You won’t get perfect results and scalability, but you’ll develop a few metrics that allow you to determine if your decisions in development will have severe negative impacts. There still might be problems, but you should eliminate more and more of these over time.
This week I ran across an analytics piece that talks about how Big Data and analysis can do more than help marketing, it can also create hard dollars for your company. Companies are using sensors and technology for mundane tasks, but tasks that can save the company substantial, hard dollars.
You may have heard of UPS and FedEx optimizing their routes, and tracking the actions of drivers. Those companies (and others) have learned that a little programming work to analyze and create instructions for their workers can reduce wasted time and fuel, which ultimately means less wasted money.
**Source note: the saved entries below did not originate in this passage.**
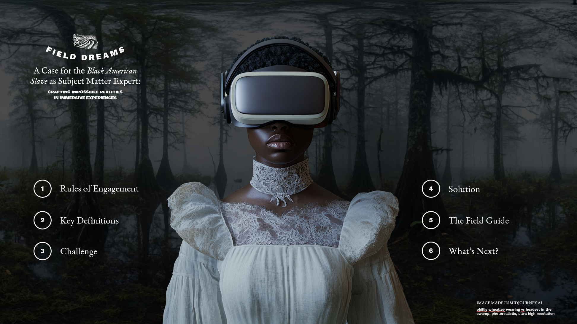 Field Dreams is a research-based graduate Capstone project that merges past literary insight with present immersive practice to position the Black American Slave as Subject Matter Expert (SME) of crafting impossible realities in modern immersive experiences.
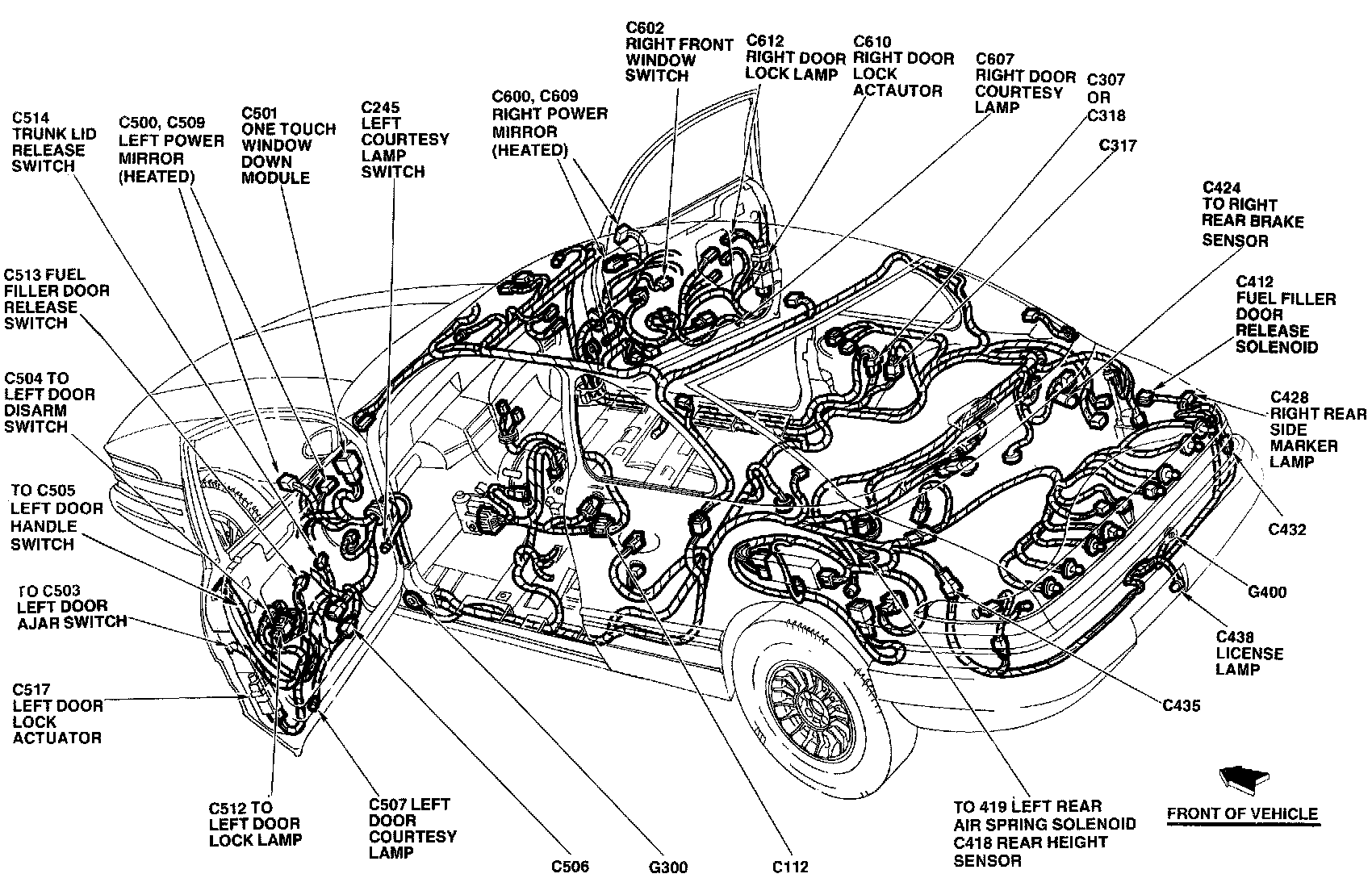 The One Touch Window Down Module is located at the top front of LH front door.
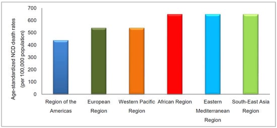 Heart diseases are considered a major public health problem, since they are the leading cause of death worldwide, especially in populations of large urban centers. According to data from the World Health Organization, 17.3 million people died in 2012 as victims of this type of disease. The estimate is that, by 2030, this number will be 23.6 million [9,10]. The statistical data of death by NTCDs separated by WHO region can be verified in Figure 1.
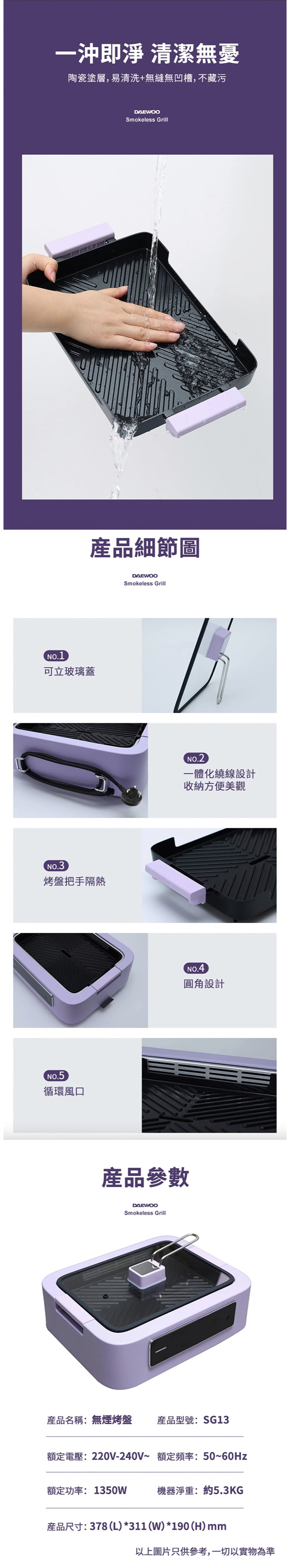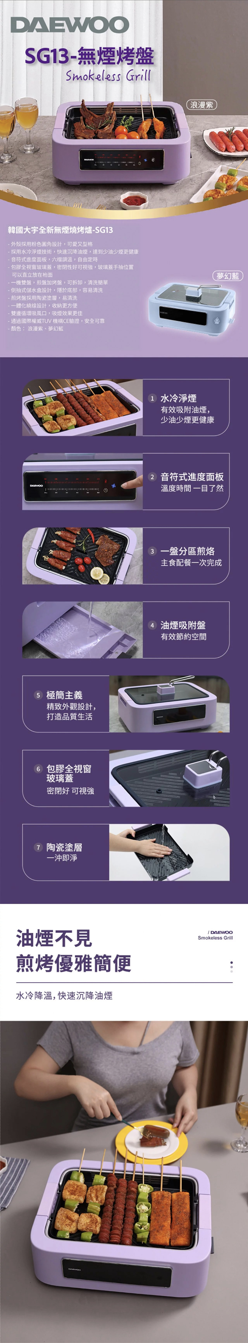 韓國大宇推出最新的 SG13 無煙烤爐,外型以粉色圓角設計,小巧實用,音符式面板調溫,

Other companies have reduced their heating or cooling costs with more data and small investments.
I don’t know how many additional cost reductions can take place in most companies, but there are likely changes none of us have thought of that could be easily implemented with technology. It seems like a no-brainer that technology can build better routes, but early on, it wasn’t considered as an option because it didn’t replace a formal manual process. It wasn’t worth paying someone to design routes each day for a truck.
As computer power increases, and more data becomes available, I predict that we’ll find many ways to analyze that data and change the way we run businesses. Many of the ideas will be unexpected, and some may be counter-intuitive, but those of us working with data will have a front-row seat to the ways in which data analysis can transform our world.